Final Report Summary - PARTES (THE PARTICIPATORY ACTION RESEARCH APPROACH TO THE TEST OF SOUTHERN INERTIA. Comparing experiences to broaden Boundaries of Action in the Environmental and Community Planning Field)

This project has the goal of comparing Participatory Action Research approaches and methods of in the field of community environmental planning implemented by Universities in different Southern contexts. This project compares two case studies of community-university partnerships:

- one in the US Mid-South Region (the case of the Graduate Division of City and Regional Planning at the University of Memphis in partnership with the Vance Avenue Collaborative, aimed at promoting sustainable development in Vance, one of the historic African-American neighborhoods in Memphis TN);
- the other one in Eastern Sicily (the case of the Laboratory for the Ecological and Environmental Design of the Territory, University of Catania in partnership with the Coalition for the Sustainable development of the Simeto Valley, Eastern Sicily, Italy).

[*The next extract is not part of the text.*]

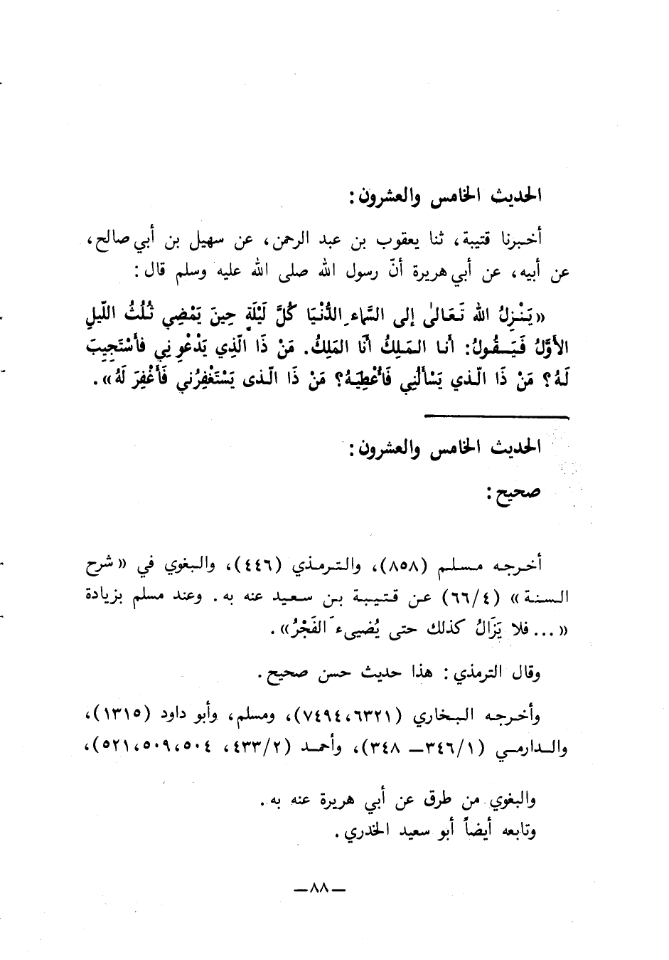 25 - أَخْبَرَنَا قُتَيْبَةُ، ثنا يَعْقُوبُ بْنُ عَبْدِ الرَّحْمَنِ، عَنْ سُهَيْلِ بْنِ أَبِي صَالِحٍ، عَنْ أَبِيهِ، عَنْ أَبِي هُرَيْرَةَ أَنَّ رَسُولَ اللَّهِ صَلَّى اللَّهُ عَلَيْهِ وَسَلَّمَ قَالَ: " يَنْزِلُ اللَّهُ تَعَالَى إِلَى السَّمَاءِ الدُّنْيَا كُلَّ لَيْلَةٍ حِينَ يَمْضِي ثُلُثُ اللَّيْلِ الْأَوَّلُ، فَيَقُولُ: §أَنَا الْمَلِكُ أَنَا الْمَلِكُ. مَنْ ذَا الَّذِي يَدْعُونِي فَأَسْتَجِيبَ لَهُ؟ مَنْ ذَا الَّذِي يَسْأَلُنِي فَأُعْطِيَهُ؟ مَنْ ذَا الَّذِي يَسْتَغْفِرُنِي فَأَغْفِرَ لَهُ؟ "

Both partnerships are aimed at promoting sustainable socio-economic community development in these two lagging regions of highly developed countries and both show the effectiveness of planning strategies adopted in practice by a university-community partnership that embrace particupatory-action research as major planning strategy.

Even from these synthetic descriptions, it is possible to identify many differences between the two cases, where PAR is used to deal with problems of a different nature. In Memphis, VAC is trying to affect decision-making for the benefit of the most disadvantaged, led by a social justice ideal, and deeply inspired by the US Civil Rights debate. In Sicily, the Simeto Coalition is working in favor of a new social organization able to establish a new alliance with Mother Nature, led by an environmental sustainability ideal, but also within the context of the local anti-mafia movement. However, even if inspired by different political and planning discourses and ideals, CRP and LabPEAT researchers share the idea that what really distinguishes PAR from other forms of applied research is the fact that it deals with power (see Hall 2005 for a good literature review on the topic).
In both cases researchers establish a partnership with more (St Patrick Church) or less (the Simeto Coalition) formalized organizations of people sharing concerns about the way planning and decision-making (the Sicilian Region Waste Management Plan, the Strategic Development Plan for the Etna Region, the Triangle Noir Plan, the Vance Choice Neighborhood Transformation Plan) are carried out in the place where they live. One of the main purposes of the partnership is to enhance the powerlessness status of the organizations affecting their ability to shape decision-making for the “better,” being the way “better” is defined dependant, of course, on the situation.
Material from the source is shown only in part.